In times of war or a public-health crisis, national unity and one-nation politics are not only fine by me but, to one extent or another, necessary — because on such matters the government is literally fighting for the interests of all Americans. But more often, nationalism, or populism, simply becomes an abracadabra word for justifying statism.

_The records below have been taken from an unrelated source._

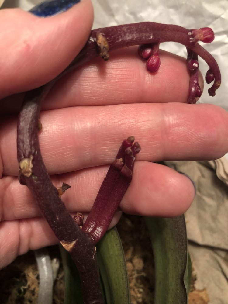 Серебристое - корни, красное загнутое - цветоносы, просто в упаковке пока ехали искривились.
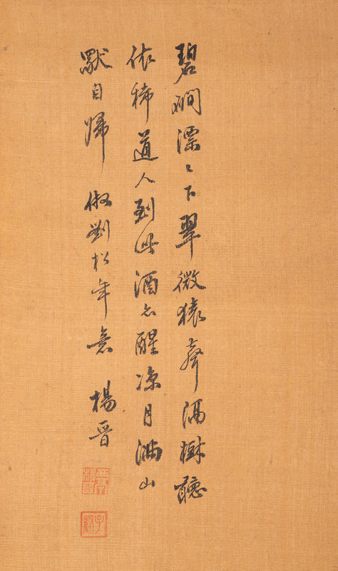 款識:碧澗漂漂下翠微,猿聲隔樹聽依稀。道人到此酒亦醒,涼月滿山獨自歸。仿劉松年意,楊晉。
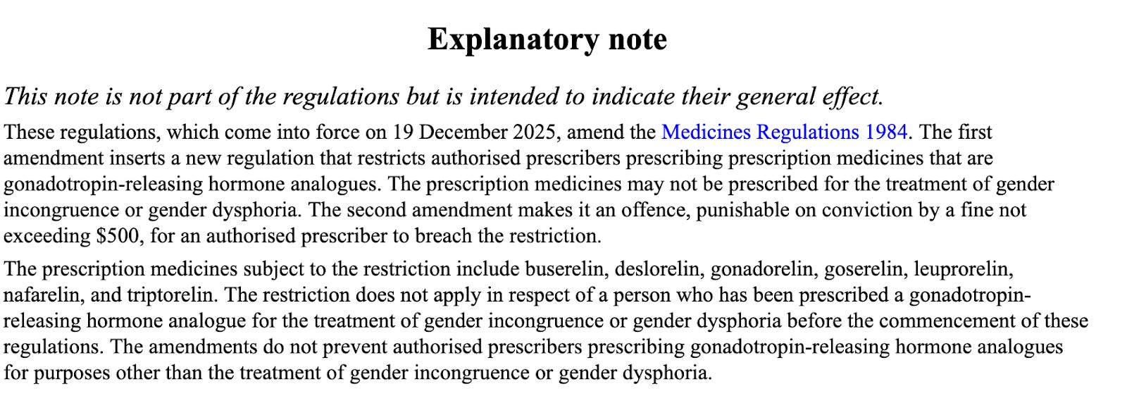 Although an explanatory note tacked on to the end of the regulation clarifies that the amendments should not inhibit prescribing puberty blockers “for purposes other than the treatment of gender incongruence or gender dysphoria,” it also states that “this note is not part of the regulations but is intended to indicate their general effect.”
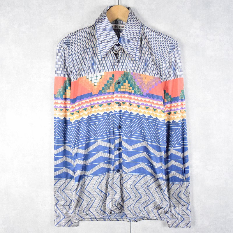 70’s nik-nik ITALY製 総柄 ナイロンシャツ S
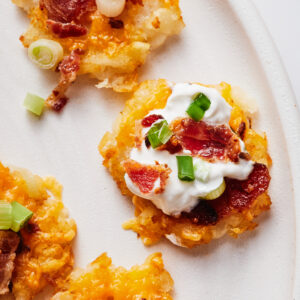These Smashed Loaded Tater Tots are crispy on the outside, soft on the inside, and piled high with crispy bacon and melty cheese. They’re the ultimate crowd-pleasing snack; perfect for game day, parties, or a fun after-school snack.
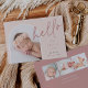 Design élégant de faire-part de naissance photo avec une mise en page unique, cette carte chic dispose d'une photo verticale en forme d'arcade sur un arrière - plan rose rose doux et poussiéreux, avec "bonjour" superposé dans la typographie de script lettré à la main. Personnalisez avec le nom, la date de naissance et les statistiques de naissance de votre nouveau bébé, et ajoutez un message personnel au dos, ainsi que trois photos carrés supplémentaires.
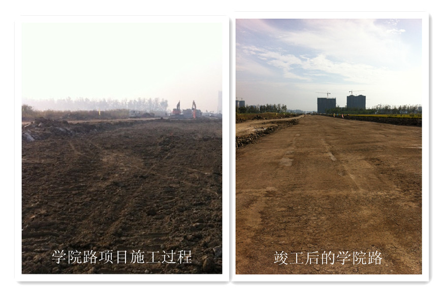 2012年10月25日,由江苏坤泽科技股份有限公司施工的连云港新海新区学院路新建固化土路基项目通过连云港市建设工程质量检测中心成功验收,检测数据全部达到设计标准。这一项目的竣工让坤泽在市政工程领域中的城市道路主次干道建设又增加了一个样板工程。 连云港新海新区学院路项目,与传统采用抛石工艺相比,使用坤泽的固化土技术作为路基后,不但造价降低、路基厚度适当减薄,而且整板性结构更为科学,后期不易开裂,而且施工中的沉降减少了10%-15%。 以其中青峰路—振华路段为例,按照连云港市政设计院的设计要求:弯沉值≤240,施工中需要三次碾压,控制到合适含水率再进行回填。由于江苏坤泽的固化土的整板性好和地基承载力高等特性,使用固化土作路基后,路基的厚度同传统的抛石工艺相比减薄了30%。
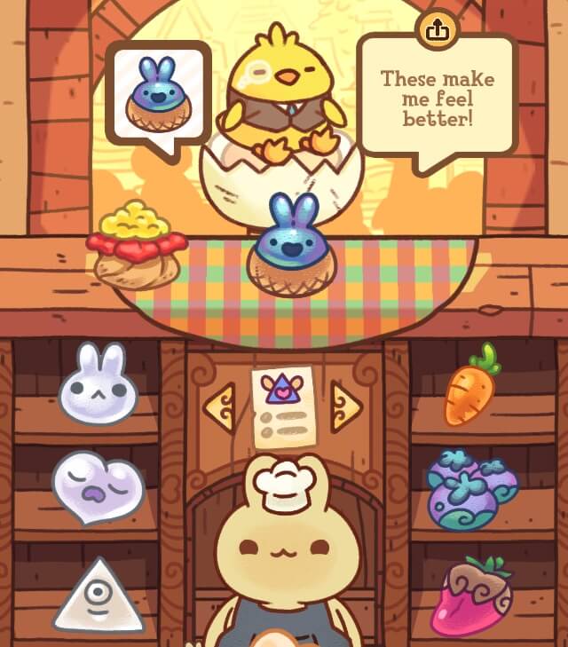 Bunnybuns puts you in the shoes of a bunny who owns a small bakery and wants to make some dough. You serve a colorful cast of characters who each have their own charm. Your customers ask for specific pastries that you must create by combining ingredients from your kitchen. Ingredients come in two forms: feelings and fillings. Feelings are essentially just shapes that the pastries can come in, and fillings are ingredients that determine the color and sometimes texture of the pastries. Usually, customers request specific pastries, and you must determine which feeling and filling will combine to create the desired dessert. However, sometimes customers just request a certain feeling with a filling of your own choice, or vice versa.
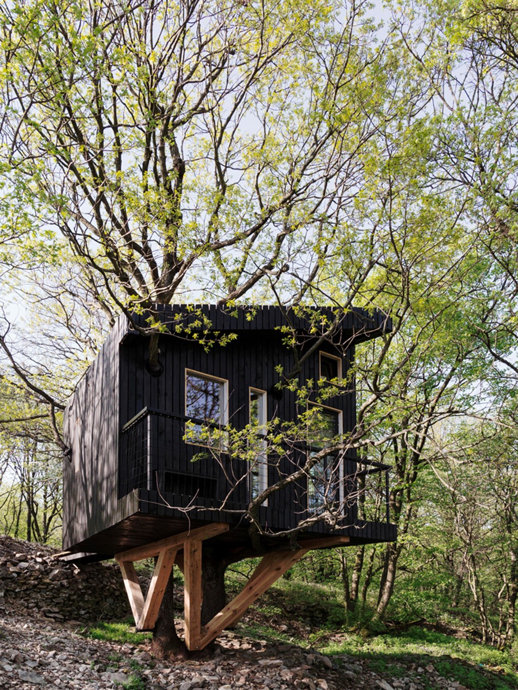 Na kopec tak v spolupráci s architektom zasadil domček, ktorý absolútne splýva s prírodou. Dané je to už tým, že dispozíciu a rozmery určuje strom, na ktorom je „zavesený“. Pôdorys plánovanej drevostavby vopred neexistoval, určil ho až vybratý strom, slúžiaci ako nosný prvok. Detský sen o obývateľnom úkryte medzi konármi sa tak stal skutočnosťou. A to bez toho, aby bolo stromu akokoľvek ublížené. Nezvyčajný príbytok je obývateľný celoročne.

Nowhere is this more obvious than in the realm of trade. President Trump shares with President Obama the idea that nations compete with each other economically. They don’t. Businesses compete with each other. If China was leveled by a massive earthquake, it would boost our “competiveness,” but it would devastate our economy. Obama wanted to pour billions into everything from schools to solar panels on the grounds that we needed to beat China. Tom Friedman wanted America to be “China for a Day” because he was sure technocrats in Washington were smarter than the market and that they could fix our problems. This thinking was cockeyed when Obama peddled it, and it’s no less cockeyed when Trump is. It’s all a conspiracy against the people.

Various & Sundry

I’ll be in Knoxville this Tuesday for a speech at the University of Tennessee. Come on out if you can.

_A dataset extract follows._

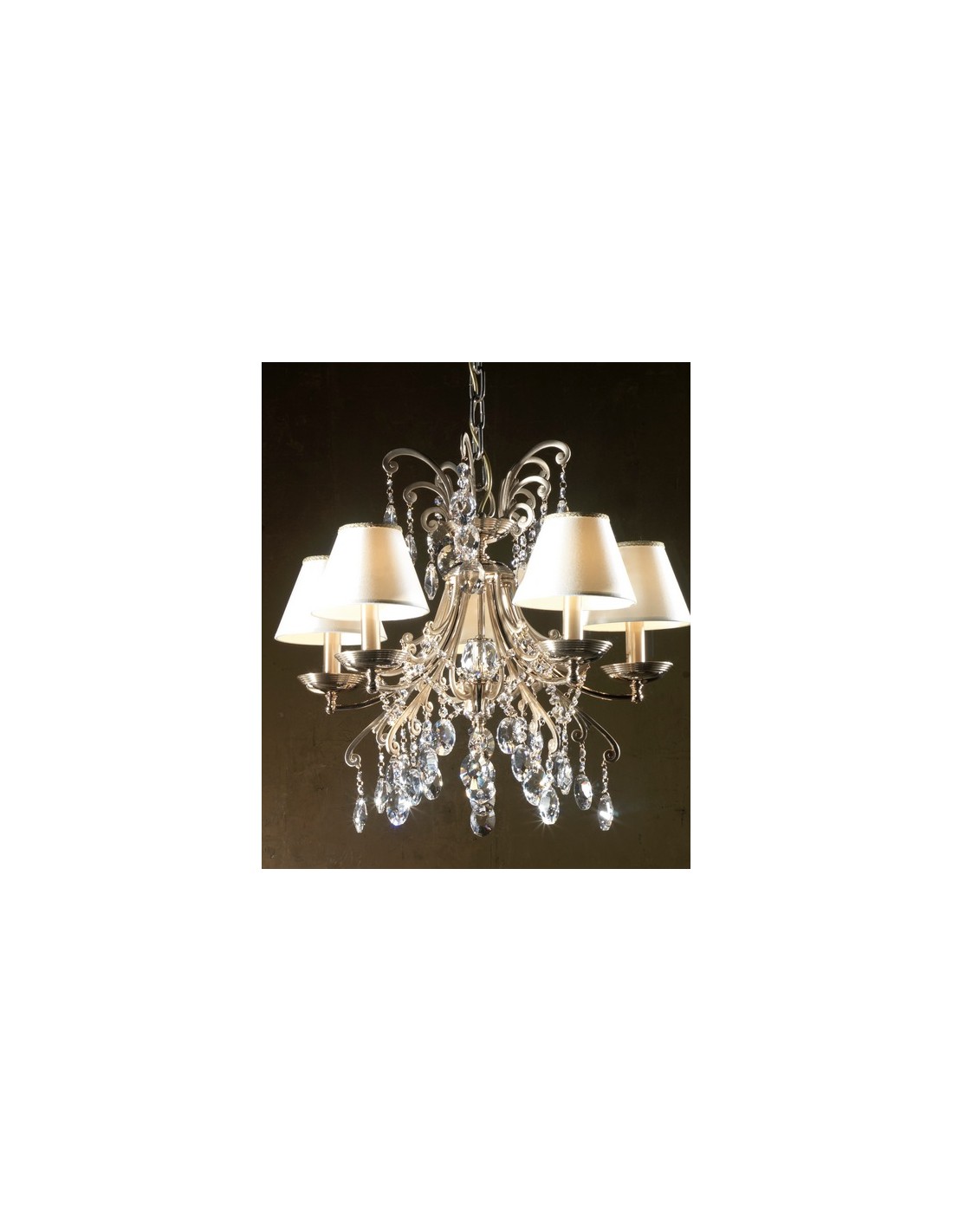 Metallic ceiling made with brass and optic crystal of the highest quality adapted to LED technology, and comply with CE, CCC, SASO, CU TR, and CoC standards. Shades included.

The latest Remnant podcast with Andy McCarthy (!) is out. It was a grand time.

Also, the book-tour stuff is coming into focus, and you should check out JonahGoldberg.com for more updates.

I can tell you that there will be public events in San Francisco, L.A., Dallas, Austin, and New York — and a bunch of other cities are also in the works.

And I’ll be at The Weekly Standard Summit in May. I think we’re gonna do an “All-Star” panel from there. Should be fun.

Canine Update: The most eventful thing in dogworld this week happened last weekend. The Fair Jessica was taking the beasts on one of her extended jaunts along the Potomac. Zoë and Pippa discovered something interesting along the shoreline at the beginning of the adventure. Jess called them back, and Pippa obeyed readily, no doubt thinking that there might be a tennis ball involved. But Zoë was more reluctant, having the same attitude toward tennis balls that the Cimmerian god Crom has toward mortals.

As is usually the case, the only way to get Zoë to come back when she is investigating something is to just leave her behind — she eventually panics over her abandonment and comes running. An hour or so later, on the way home, Zoë went back to the mysterious spot of mystery. Jess and Pippa kept going. But Zoë took a very long time to come back. When she finally materialized, she was carrying pretty much an entire deer spinal column, with a good chuck of the rib cage attached for good measure. No doubt she planned to chew on this treasure for the rest of FY 2018, and maybe the first quarter of 2019. Zoë knew that Jess would be less than thrilled, and so she refused to get close to her for a very long time. But having been through these kinds of gruesome games with the Dingo many times before, Jess knew the one thing she couldn’t do was make a big deal about it. So she just ignored the beast for big chunk of the walk.

Eventually, Jess theorizes, Zoë decided she didn’t like the taste but still wanted credit for this amazing find, so she came up to Jess to show it off. Jess grabbed a leaf as a “germ/bacteria shield” and tried to pry it from her. Zoë, of course, got proprietary — but she eventually let Jess have it. Jess then threw it in the canal along the towpath. This was interpreted by Pippa as “Stick!!!!!” and she ran after it. But it sank to the bottom. All were dejected.